He’s mad as hell — and he’s not going to rake it anymore!
Bay Ridge resident Richard Mahany is so angry that the city won’t chop down a stinky ginkgo tree that dumps its foul-smelling fruit on the sidewalk in front of his 78th Street home that he has stopped cleaning up its odorous droppings in protest.
“The tree is a menace,” said Mahany, who at 74, is about the same age as the arbor that towers over his home. “If the city can refuse to remove the tree, then I can refuse to clean up the mess — it’s a city tree!”
Mahany moved into the home near the corner of Fifth Avenue more than 40 years ago and has diligently raked the putrid ginkgo nuts into the street, clearing a pathway so passersby aren’t forced to step on the notoriously pungent droppings.
But after a quintuple bypass surgery and treatment for an aortic aneurysm, he says he just doesn’t have the energy to clean up the mess — which coats his sidewalk almost every night in the fall and winter and produces an vomitous odor that wafts all the way to Fifth Avenue.
“When I clean it up, I ruin my shoes and smell like vomit afterwards,” said Mahany, who also blames the tree for uprooting a section of his sidewalk. “The neighbors will have to live with the stink and mess.”
Other than telling him to hold his nose, the city has done little to help Mahany in his fight against the awful-smelling tree.
Parks Department spokesman Phil Abramson told The Brooklyn Paper that the city stopped planting female ginkgo trees — male ginkgos don’t smell — after realizing they were a “nuisance,” but the agency has no policy to help homeowners who’ve ended up with the grotesque germination.

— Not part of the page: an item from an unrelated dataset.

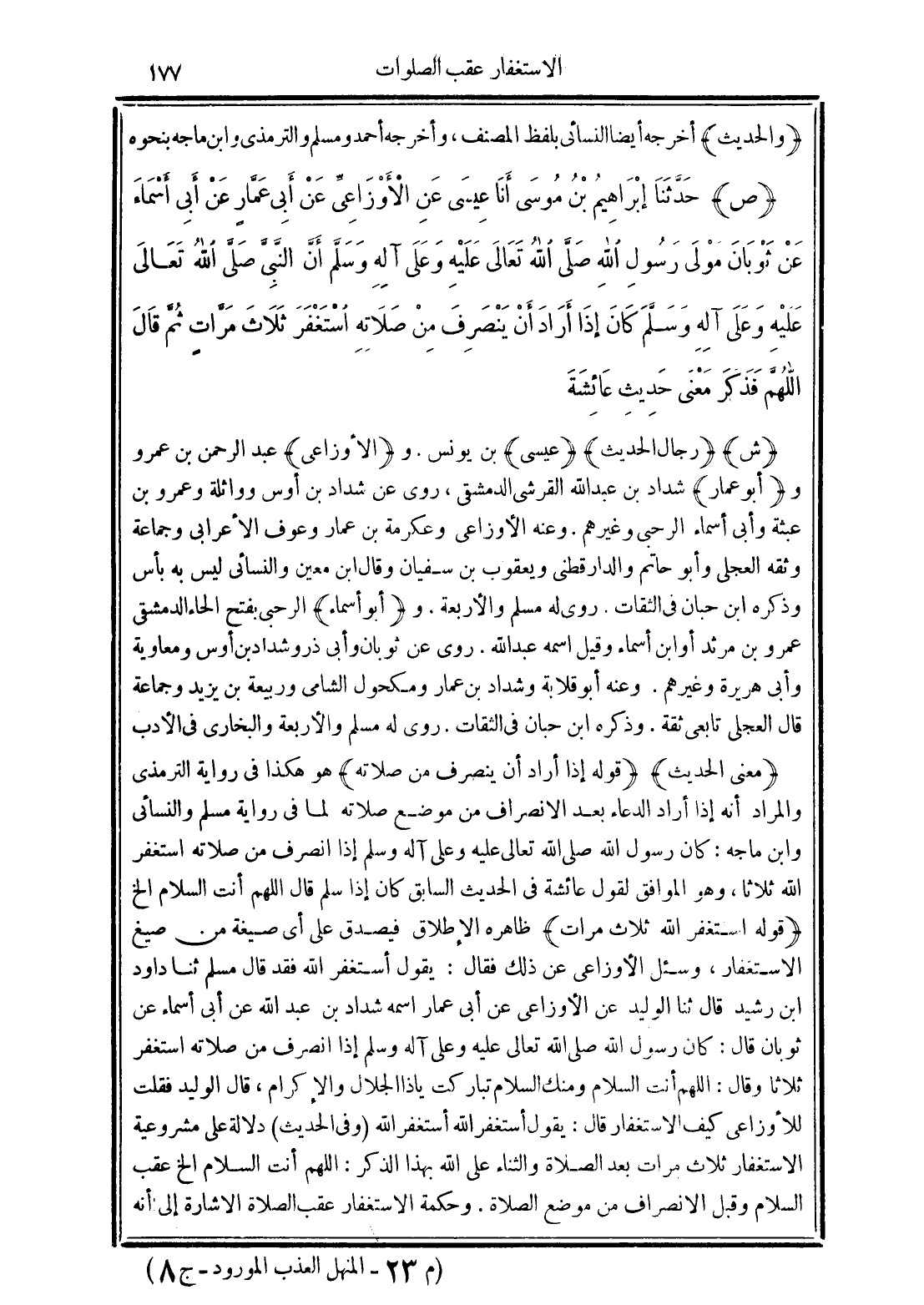 (ص) حَدَّثَنَا إِبْرَاهِيمُ بْنُ مُوسَى أَنَا عِيسَى عَنِ الأَوْزَاعِيِّ عَنْ أَبِي عَمَّارٍ عَنْ أَبِي أَسْمَاءَ عَنْ ثَوْبَانَ مَوْلَى رَسُولِ اللَّهِ -صَلَّى الله تَعَالَى عَلَيْهِ وَعَلَى آلِهِ وَسَلَّمَ- أَنَّ النَّبِيَّ -صَلَّى الله تَعَالَى عَلَيْهِ وَعَلَى آلِهِ وَسَلَّمَ- كَانَ إِذَا أَرَادَ أَنْ يَنْصَرِفَ مِنْ صَلاَتِهِ اسْتَغْفَرَ ثَلاَثَ مَرَّاتٍ ثُمَّ قَالَ "اللَّهُمَّ". فَذَكَرَ مَعْنَى حَدِيثِ عَائِشَةَ رضي الله عنها.

“We don’t really have the resources to clean up the fruit,” said Abramson, who noted that a ginkgo clean-up is a homeowner’s responsibility, much like raking leaves.
And chopping down the tree isn’t an option because it’s healthy.
Though some neighbors sympathize with Mahany’s fight, not everyone hates the smelly tree. And that’s part of the problem.
In recent years, Mahany has spotted Brooklynites removing the ginkgo seeds — which are popular in Chinese soups — from their shells.
“They squish the fruit and take the seed and leave the pulp in the garden and on the sidewalk, making the mess even worse,” he said.
Foodies aren’t the borough’s only ginkgo lovers. Botanists adore the arbors — which are among the world’s oldest varieties of trees — for their beauty.
Mark Fisher of the Brooklyn Botanic Garden said he marvels at the ginkgo tree for its “interesting foliage” and because “it grows so well in the city.”
Mahany agrees that it’s a beautiful tree — he just doesn’t want the ginkgo in front of his home any longer.
“Don’t get me wrong, I love trees. I’m willing to pay for another tree – I just don’t have the energy to keep cleaning this up.”